Imagine you were Mrs Merkel. You are trying desperately to hold together a coalition of political parties in your own country while providing leadership to an equally wobbly coalition of European neighbours.
To your east you have a powerful country run by a kleptocratic elite which has interfered in the politics of some of the biggest global nations, which has invaded a neighbour and which has been running war games on your borders.
To your south you have a continent largely in the hands of corrupt and incompetent politicians or mired in war, leading tens of thousands of people to migrate towards your more stable lands. However your own people don't want them to come in.
Meanwhile some members of the European coalition have serious structural economic problems and nationalist parties are becoming popular.
A contributing member nation of the coalition has decided to jump ship, taking its contributions with it, after repeated concessions made to it (for example a rebate on its contributions and the option of not joining an 'ever closer union').
That nation has a government which is split into two factions vying for supremacy and has had to buy in support from a fringe party in order to stay in power. Populism, nationalism and even anti-democratic threats (such as demonising judges for upholding the law) are the common currency of the anti-EU media and politicians.
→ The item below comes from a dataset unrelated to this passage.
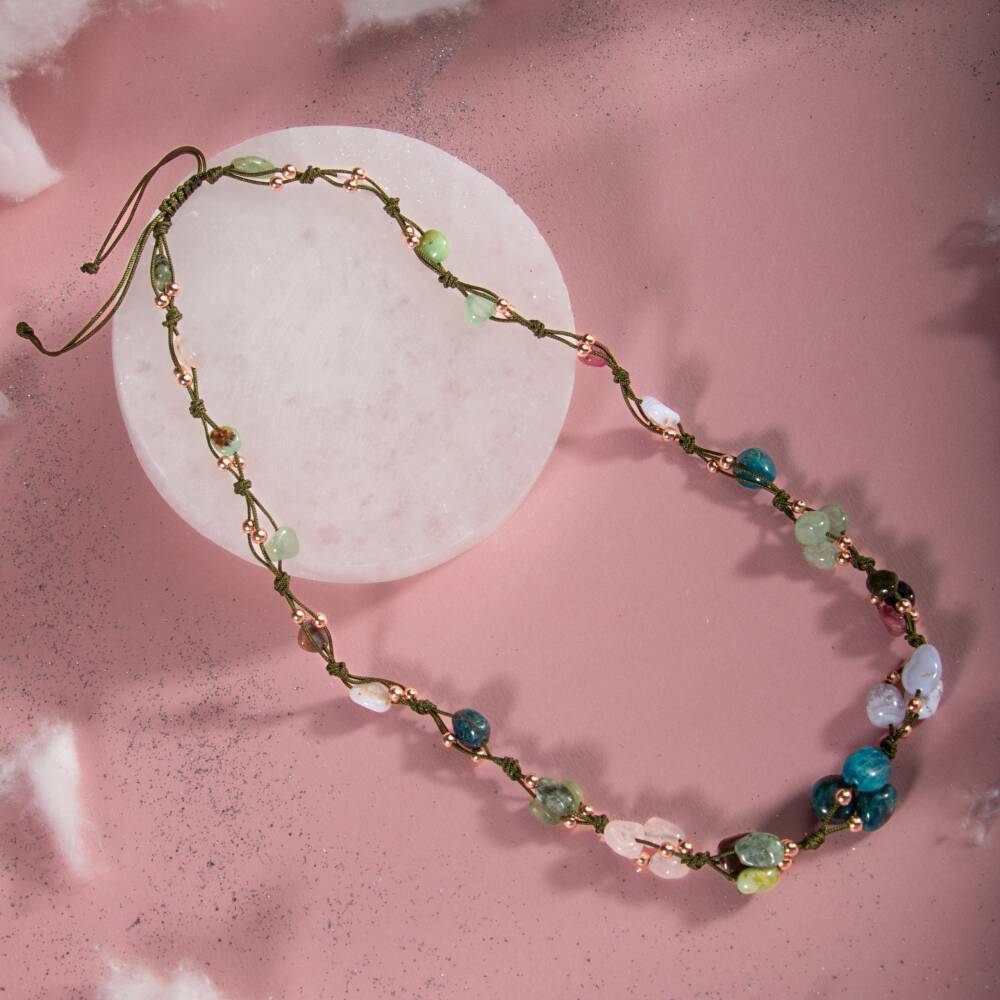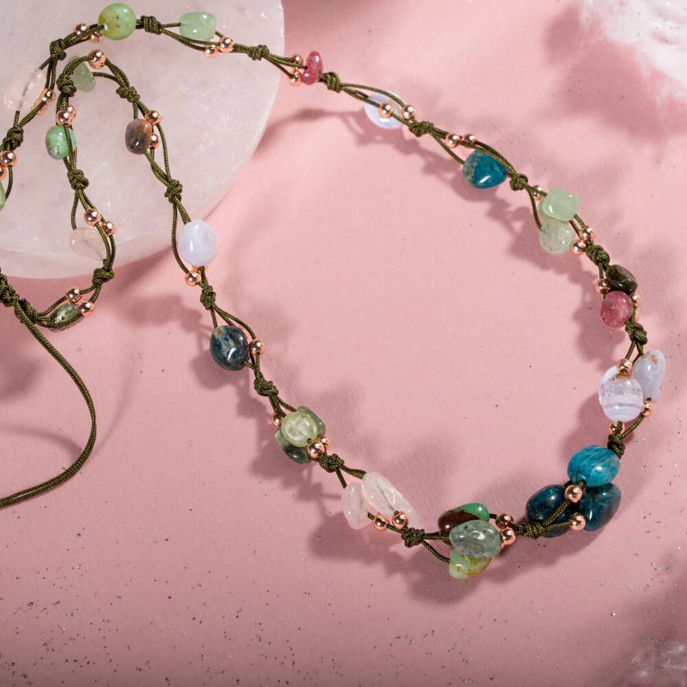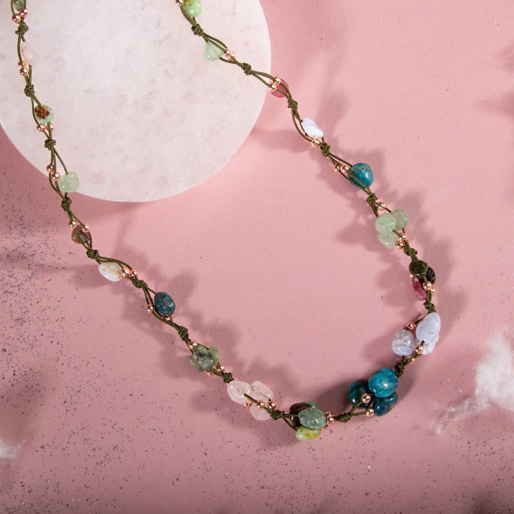 Boğa Burcu Kolye Kalsedon, Kiyanit, Krizopras, Mavi Apatit, Pembe Kuvars, Renkli Turmalin, Yeşil Aventurin

The politician leading that nation's exit negotiation team is a member of that anti-EU group, a group that want to "have their cake and eat it", that talk about going into competition with their former allies. Many of the group are even Cabinet members - and the prime minister is captive to them.
You need to decide how to manage the exit, causing as little damage as possible. Would you give up all the goodies they demand and hope to sort out the hard things later? Would you even believe the promises of such a government?
If you look at Brexit from the EU's point of view it is no wonder they want to leave the trade deal till everything else is sorted.